— Вполне можно обойтись и без этого, — заявил Лосев.
— Да, можно. Но тогда нужна своя фишка, чтобы тебя заметили. Эпатаж, скандал, причем не местного значения, не драка с бомжами и не пьяный загул среди своих, а скандал такой, чтобы о нем написали в прессе. Мне уже за тридцать, Владик, и, по большому счету, мне учиться чему-то уже поздновато, но ты молодой. Брось ты эту херню, найди что-то свое и упрись рогами: работай, думай, пробуй, но не скользи по жизни, как по накатанной дорожке.

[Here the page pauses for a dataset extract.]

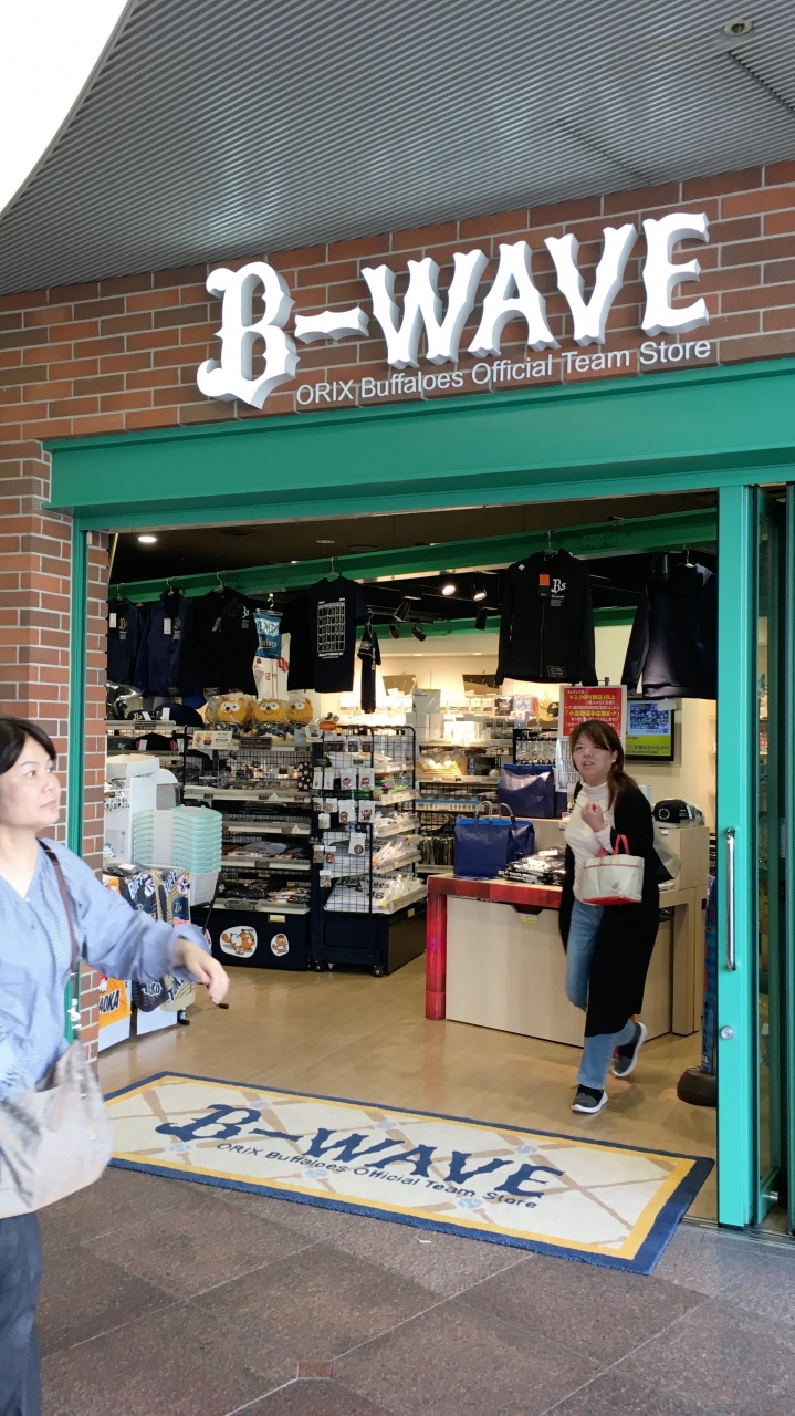 神戸交通センタービルの1階にあるB-WAVEさん。オリックスのオリジナルグッズや選手のサインのレプリカなども売っています。私の好きなT-岡田さんのグッズも売っています。それほど広いお店ではありませんので、買い物にはあまり時間はかかりません。また、店内にはチケットぴあの代行カウンターもあります。

Выбьешься в люди — я только рад за тебя буду.
— Чего ты завелся-то, — пробормотал Владик, стараясь не смотреть на разгорячившегося Корсакова, — ну ладно, попробую я…

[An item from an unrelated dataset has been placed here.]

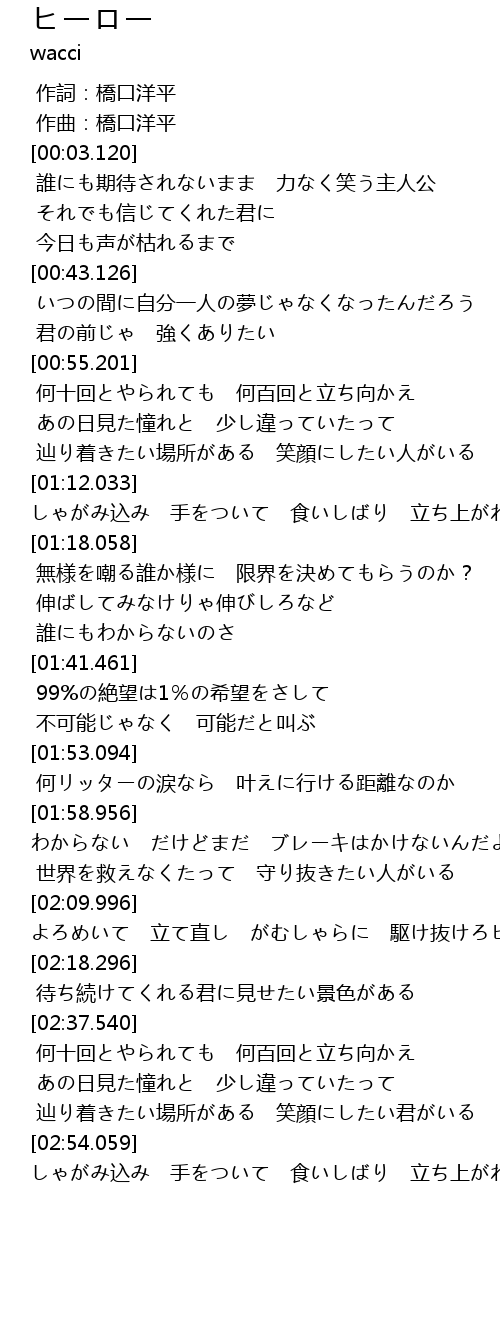 | [02:54.059] | しゃがみ込み 手をついて 食いしばり 立ち上がれヒーロー |

— Да не пробовать надо, а делать! — в сердцах рявкнул Игорь. А действительно, чего это я разорался? — подумал он. Жалко, наверное, этого балбеса.
Колбаса заскворчала, Корсаков перевернул ее и разбил в сковородку пяток яиц.
— Ладно, давай перекусим, — сказал он.
Владик принес подушку, уселся на нее. Табуретку они использовали, как сервировочный столик. Яичница исчезла в мгновение ока. Разлив по кружкам квас, Игорь достал из кармана пятьдесят баксов и протянул Владику.
— Держи. Это тебе подъемные. Больше ничем помочь не могу.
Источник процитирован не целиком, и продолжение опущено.